Торговец подождал еще несколько минут, прихватил водку и пошел в гости в большой дом. Как всегда после возвращения охотников, в большом доме собрались многочисленные гости, суетились женщины, приготавливая еду, ребятишки хвастались полученными в подарок стрелами и луками, мужчины важно восседали на нарах, вспоминали охоту.

Баоса сидел на своем месте и оживленно беседовал с соседями.
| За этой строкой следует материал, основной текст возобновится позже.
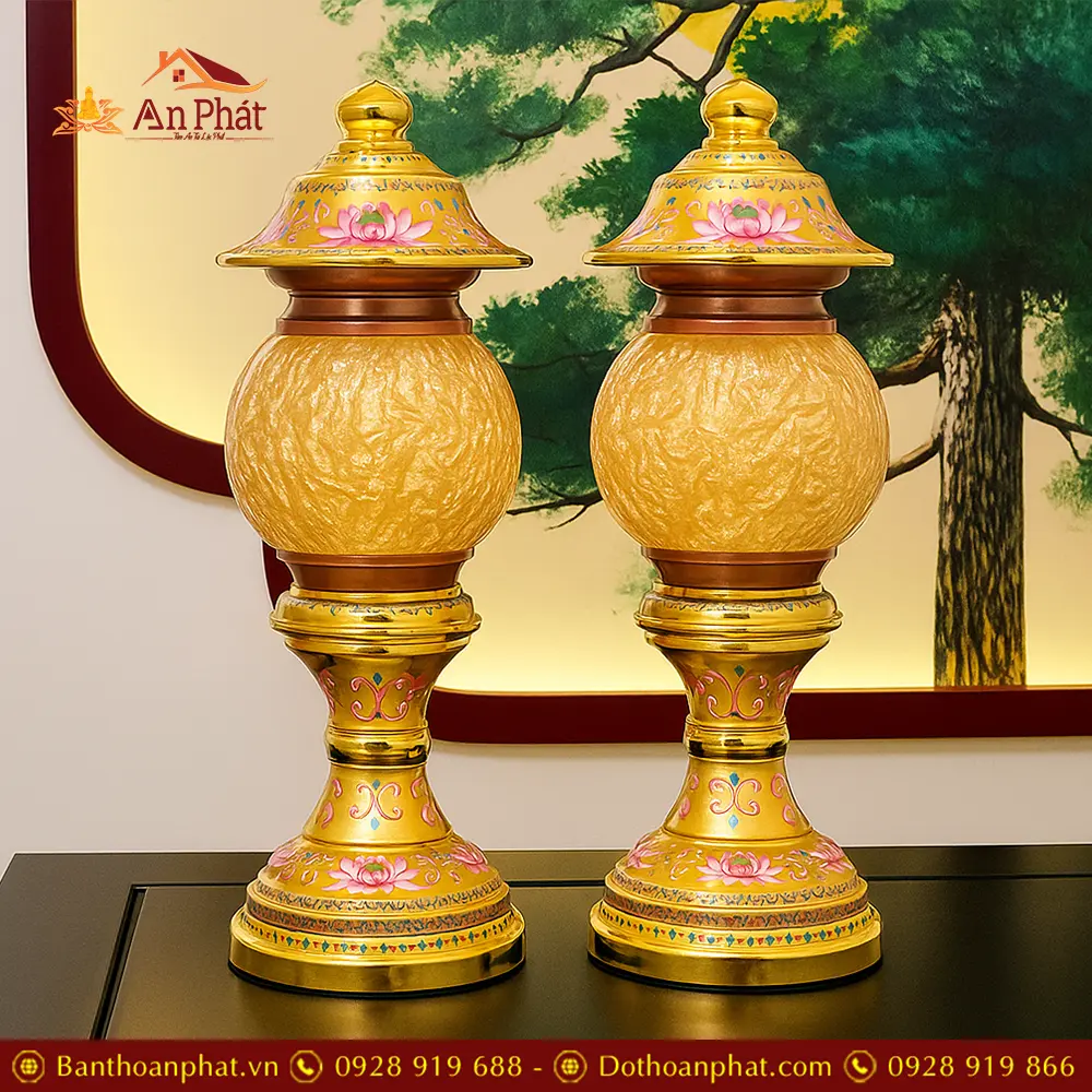 Đèn Thờ Hợp Kim Gấm Hoa Sen Vàng Cao Cấp DTD1388

Увидев китайца в дверях, он по-юношески соскочил с нар, подбежал к нему.

— Здравствуй, здравствуй, У, проходи, будь гостем, — говорил он. — Агоака, подай трубку.

Баоса суетился как никогда, и это поразило торговца.

«Он помолодел, посвежел, — подумал он, разглядывая Баосу. — Вон какие тугие стали щеки, глаза не те, злобы нет в них. Тайга его омолаживает. Что это за тайга такая, почему оттуда эти охотники возвращаются такими бодрыми?»

— У тебя, старик, вижу, удачная охота была, — сказал торговец.

— Удачная или неудачная — это не твое дело, — отрезал Баоса.

— Я говорю это потому, что ты веселый, бодрый.